With the `valid_time` array, we can illustrate the complex structure of this datacube.

- green box illustrates the bounding box of valid forecast data, any white cells within this box are NaN --- no forecast was generated for that forecast time with that initialization time.
- the horizontal black line "2025-01-02 21:00" has 4 valid forecasts, though the underlying data has 23 data points (mostly NaN).

```{code-cell}
---
tags: [hide-input]
---
import numpy as np
import matplotlib.pyplot as plt
time = "2025-01-02T21:00"

(
    cube.dswrf
    .isel(x=10, y=20)
    .plot(
        x="time",
        y="valid_time",
        cmap="plasma",
        robust=True,
        # edgecolors="#fefefe",
        # linewidths=0.003,
        aspect=1.45,
        size=5,
        cbar_kwargs={"orientation": "horizontal"},
    )
)
plt.title("")
plt.axhline(np.datetime64(time), color="k")
plt.plot(
    cube.time.data[[0, -1, -1, 0, 0]],
    cube.valid_time.data[
        [0, -1, -1, 0, 0],
        [0, 0, -1, -1, 0],
    ],
    color="#32CD32",
    lw=2,
);
```

We will index out all forecasts for 2025-01-02 21:00, notice that there are 4 valid forecasts.

And then assign `rolodex.ForecastIndex` to `time`, `step`, `valid_time`.

We pass an optional custom kwarg `model` to indicate the type of forecast model used, here "HRRR". `ForecastIndex` knows about HRRR's output pattern.

```{code-cell}
cube = (
  cube.drop_indexes(["time", "step"])
  .set_xindex(
    ["time", "step", "valid_time"], ForecastIndex, model=Model.HRRR
  )
)
cube
```

### Indexing

The usual indexing patterns along `time` and `step` individually still work.

```{code-cell}
cube.sel(time=slice("2025-01-01 03:00", None), step=slice("2h", "12h"))
```

### FMRC Indexing

`rolodex` provides dataclasses to indicate the type of indexing requested.
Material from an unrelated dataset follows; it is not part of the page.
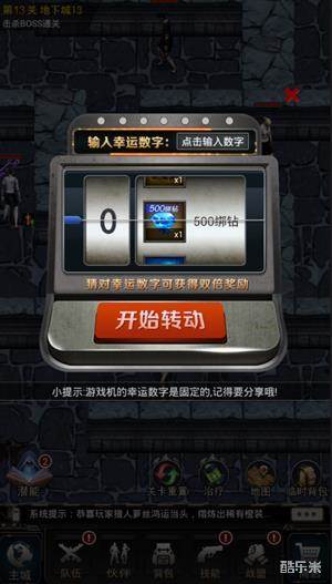 地下城会出现抽奖机,抽奖机有几率摇出500钻石,如果是双倍就是1000钻石,虽然几率比较坑爹,但是万一中了就是一笔可观的收入了。其次地下城会出现NPC,比如答对仓老师的问题也会获得100钻石。

We illustrate one of these: `ConstantForecast` which means
'grab all forecasts available for this time.'

```{code-cell}
from rolodex.forecast import ConstantForecast
```

These can be used with `sel` to index along `valid_time`

```{code-cell}
subset = cube.sel(valid_time=ConstantForecast("2025-01-02T21:00"))
subset
```

On indeding, we receive 4 forecasts for this time (as expected)!

```{code-cell}
subset.dswrf.plot(col="time", cmap="plasma");
```

Note no NaNs or missing panels in the above output.